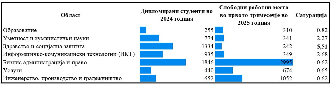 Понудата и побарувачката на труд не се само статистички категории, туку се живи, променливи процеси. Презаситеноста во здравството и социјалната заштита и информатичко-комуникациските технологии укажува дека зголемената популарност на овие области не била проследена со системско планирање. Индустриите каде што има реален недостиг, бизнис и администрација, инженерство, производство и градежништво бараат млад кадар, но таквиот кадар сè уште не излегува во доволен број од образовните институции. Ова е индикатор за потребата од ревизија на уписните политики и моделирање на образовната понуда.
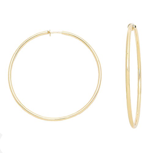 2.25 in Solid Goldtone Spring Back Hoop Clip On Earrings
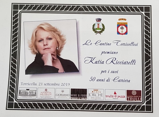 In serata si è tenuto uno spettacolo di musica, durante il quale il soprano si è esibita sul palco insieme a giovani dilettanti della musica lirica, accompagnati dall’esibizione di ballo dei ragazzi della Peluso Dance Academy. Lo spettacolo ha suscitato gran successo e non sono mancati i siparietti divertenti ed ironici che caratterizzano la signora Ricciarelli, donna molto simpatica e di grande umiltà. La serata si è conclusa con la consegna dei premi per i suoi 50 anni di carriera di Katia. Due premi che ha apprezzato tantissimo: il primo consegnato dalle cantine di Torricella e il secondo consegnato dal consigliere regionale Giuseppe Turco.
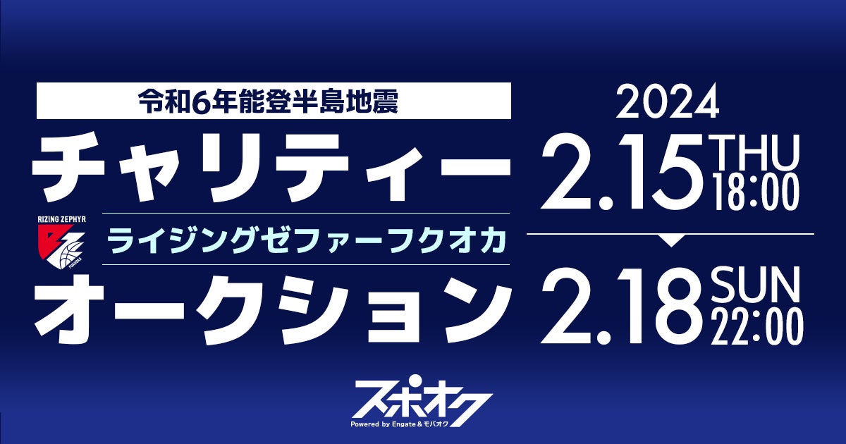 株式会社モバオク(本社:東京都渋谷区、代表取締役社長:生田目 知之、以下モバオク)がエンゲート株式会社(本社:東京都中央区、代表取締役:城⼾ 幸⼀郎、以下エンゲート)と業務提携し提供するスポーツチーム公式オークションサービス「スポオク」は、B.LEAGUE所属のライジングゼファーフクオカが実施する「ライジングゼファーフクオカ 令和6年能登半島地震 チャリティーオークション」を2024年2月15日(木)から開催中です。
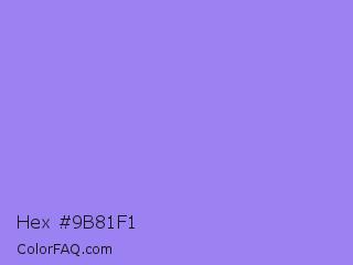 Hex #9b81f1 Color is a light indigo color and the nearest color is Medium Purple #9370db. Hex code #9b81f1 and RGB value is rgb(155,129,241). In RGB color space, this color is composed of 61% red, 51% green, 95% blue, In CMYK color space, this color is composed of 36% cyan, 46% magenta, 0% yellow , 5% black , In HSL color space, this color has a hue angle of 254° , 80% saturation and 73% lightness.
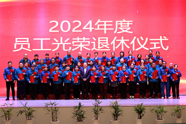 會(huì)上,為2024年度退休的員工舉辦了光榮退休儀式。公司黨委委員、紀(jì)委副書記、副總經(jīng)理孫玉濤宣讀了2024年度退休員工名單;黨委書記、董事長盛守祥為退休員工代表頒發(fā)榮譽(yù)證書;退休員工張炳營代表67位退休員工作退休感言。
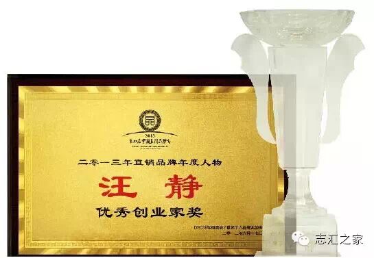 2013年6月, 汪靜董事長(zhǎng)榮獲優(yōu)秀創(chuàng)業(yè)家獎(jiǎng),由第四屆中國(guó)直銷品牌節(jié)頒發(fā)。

····················

### Task to carry out
Starting at the line that contains "會(huì)上,為2024年" and ending at the final line of the data, reproduce each line exactly. Pictures stay out of the copy.

### Response to this task
 會(huì)上,為2024年度退休的員工舉辦了光榮退休儀式。公司黨委委員、紀(jì)委副書記、副總經(jīng)理孫玉濤宣讀了2024年度退休員工名單;黨委書記、董事長盛守祥為退休員工代表頒發(fā)榮譽(yù)證書;退休員工張炳營代表67位退休員工作退休感言。
 2013年6月, 汪靜董事長(zhǎng)榮獲優(yōu)秀創(chuàng)業(yè)家獎(jiǎng),由第四屆中國(guó)直銷品牌節(jié)頒發(fā)。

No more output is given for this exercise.